"On ne peut pas en permanence se protéger": l’épidémie de dengue à la Réunion explose avec 900 cas par semaine
L'épidémie a démarré l'an dernier et a déjà touché plus de 40 000 personnes.
La Réunion est en proie à une nouvelle épidémie : après le chikungunya il y a presque 15 ans, c’est désormais la dengue qui frappe l’île. Les autorités sanitaires l'ont placée en alerte de niveau 4 sur 5 pour cette maladie surnommée la "grippe tropicale". Déjà plus de 40 000 cas ont été recensés depuis le début de cette épidémie l’an dernier. Ces dernières semaines, le nombre de malades explose avec 900 cas par semaines.
Fièvre, fatigue et transpiration
À l’hôpital de Saint-Pierre, dans le sud de l’île où se trouve le principal foyer de l’épidémie, Jacky reçoit la visite de sa femme et ses enfants. Ce quinquagénaire est hospitalisé depuis 24 heures à cause de la dengue. "C'est beaucoup de fièvre, on ressent une douleur dans l'œil, mais aussi des défaillances musculaires sur les doigts, des crampes et énormément de transpiration." Jacky dit se sentir faible. "On sent que ça ne va pas", affirme-t-il. Désormais, dans le sud de l'île où il vit, Jacky ne croise plus ses voisins au marché, mais à l’hôpital. "J'ai deux copains qui sont arrivés, je leur ai dit 'le monde est petit', rigole-t-il.
L’hôpital a dû ouvrir des lits supplémentaires, explique le docteur Rodolphe Manaquin, du service des maladies infectieuses. "On a vu des formes parfois un peu plus sévères d'autres maladies comme des infections urinaires ou pulmonaires qui, parfois associées à la dengue, nécessitent une hospitalisation. Tout ça fait une augmentation d'activité qu'il faut pouvoir assumer", explique-t-il.

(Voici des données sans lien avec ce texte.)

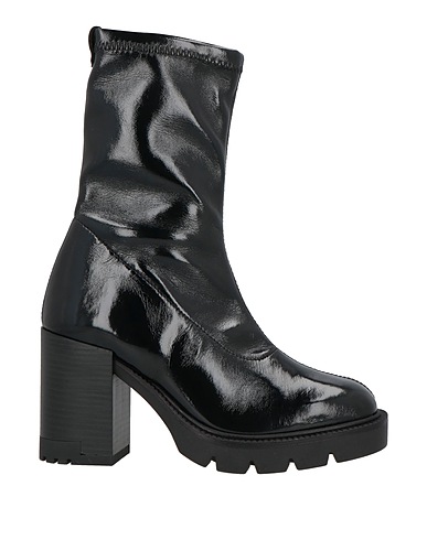 sock ankle boots, coated fabric, patent-effect, solid color, no appliqués, leather lining, round toe, square heel, rubber cleated sole, contains non-textile parts of animal origin
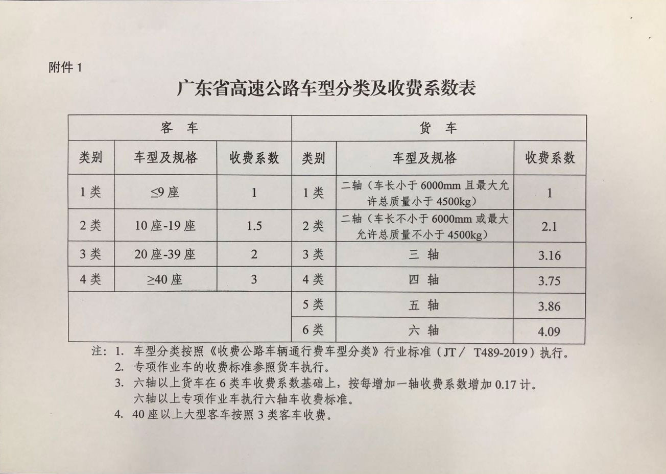 《關于廣東省龍川至懷集公路桃源北匝道收費站車輛通行費收費標準的請示》(粵交營〔2020〕483號)收悉。同意廣東省龍川至懷集公路桃源互通立交交工驗收通車和收費設施經(jīng)驗收符合聯(lián)網(wǎng)收費技術要求后開始收費,收費車型執(zhí)行《收費公路車輛通行費車型分類》(JT/T489-2019),收費費率為0.45元/標準車公里,1至4類客車的收費系數(shù)分別為1、1.5、2、3,1至6類貨車的收費系數(shù)分別為1、2.1、3.16、3.75、3.86、4.09,專項作業(yè)車的收費標準參照貨車執(zhí)行。
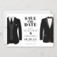 Lass allen wissen, dass Sie zwei haben sich auf einem Termin für Ihre Hochzeit mit dieser modernen-Karte mit zwei schwarzen Anzügen. Personalisieren Sie Ihre Namen, Datum und Hochzeitsort.
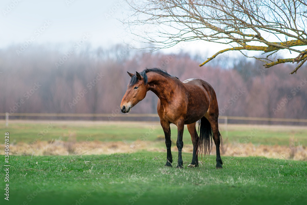 Fotografie Beautiful bay horse with a long neck stands impressively on a green meadow
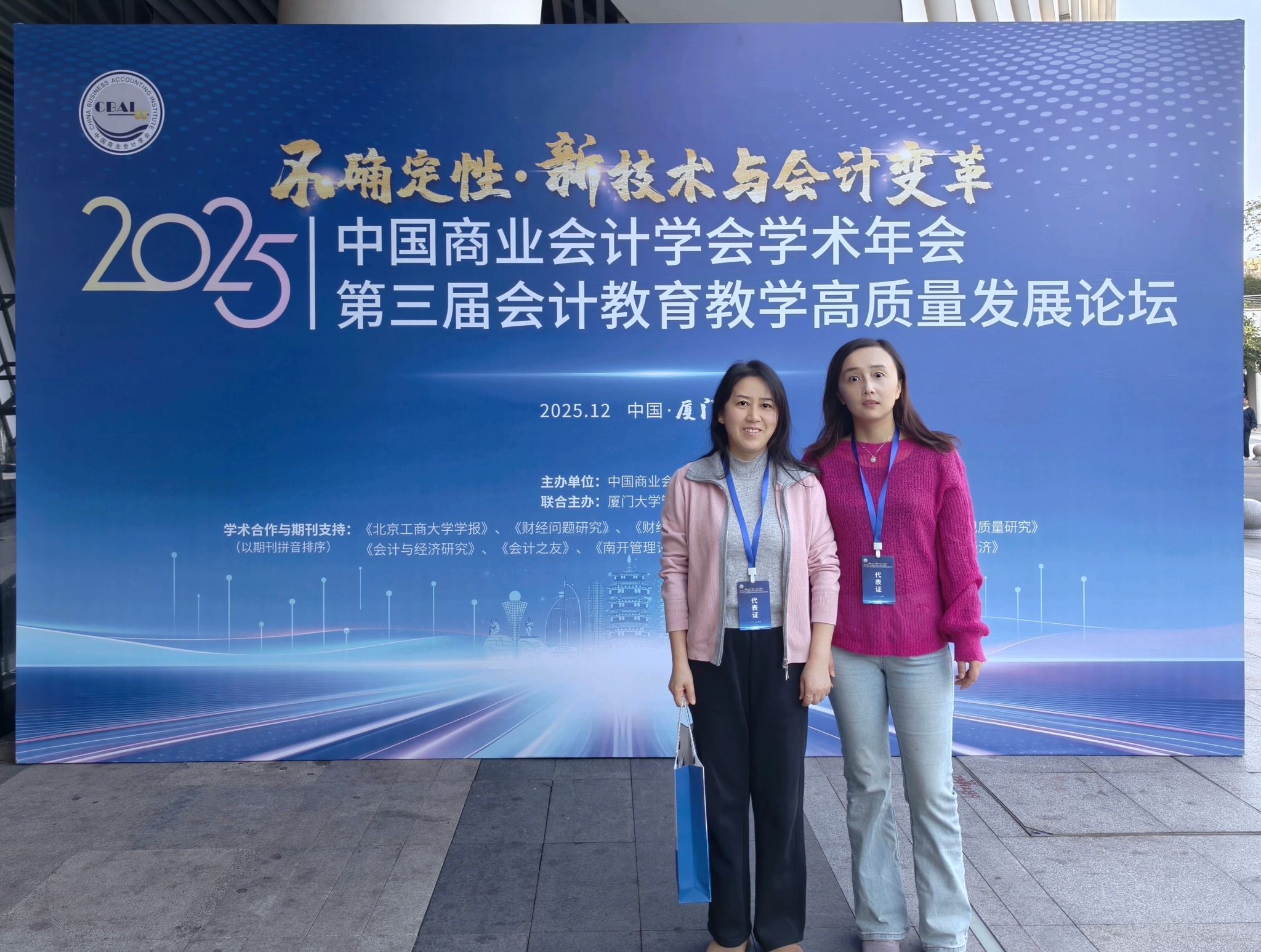12月5日-7日,“中国商业会计学会2025年学术年会暨第三届会计教育教学高质量发展论坛”在厦门顺利举行,来自全国高校、科研院所及企业界的200余位专家学者齐聚一堂,共同探索深刻变革的时代背景下,会计审计学科的发展路径与创新型人才的培养之道,会议由中国商业会计学会主办、厦门大学管理学院会计学系联合主办。我院丁红梅和高莉两位教师应邀参会。

On est encore en phase d'augmentation, on n'a pas encore atteint le pic dans cette épidémie de dengue
Rodolphe Manaquin, médecin à l'hôpital Saint-Pierreà franceinfo
Même si le pic n'est pas atteint, le nombre de cas explose. Paris a bien envoyé des renforts de la protection civile pour lutter contre les moustiques, vecteurs de la dengue. La Croix-Rouge, l’Agence régionale de santé multiplient les opérations de prévention, mais difficile de sensibiliser la population. Comme Jacky, de nombreux Réunionnais ne se protègent pas avec de l’anti-moustique. "Ma femme se protège, elle me dit 'il faut en mettre un peu sur toi'. Mais mettre tous les jours, non... les moustiques sont partout", avance comme excuse Jacky.
"C'est presque devenu commun, la dengue"
Son gendre Stéphane acquiesce. Il a déjà eu le chikungunya il y a quelques années et vient d’avoir lui aussi la dengue. "Nous, après 10 jours de pluie, on est infestés de moustiques, on ne peut pas en permanence se protéger, ce n'est pas possible. C'est presque devenu commun la dengue, en fait. On n'a pas pris le problème assez tôt et assez vite au sérieux", assume Stéphane, qui en a pourtant déjà fait les frais.
Le moustique est un ennemi presqu’invisible et redoutable, face à des habitants las et fatalistes. Le cocktail pourrait bien faire exploser cette épidémie, selon le docteur Rodolphe Manaquin. "Les gens ont connu le chikungunya. Là, ils connaissent la dengue et savent que c'est un mauvais moment à passer, explique le médecin. On a cinq cas de décès, on n'est pas sur une mortalité très élevée. Mais quid de l'évolution, si on passe à 1 500 ou 2 000 cas par semaine ? Ça va être compliqué...", prédit-il.
L'épidémie d'autant plus compliquée qu'il n’existe pas de remède spécifique à la dengue. Il faut seulement attendre que le mal passe,en donnant éventuellement du paracétamol et en réhydratant les patients les plus gravement atteints.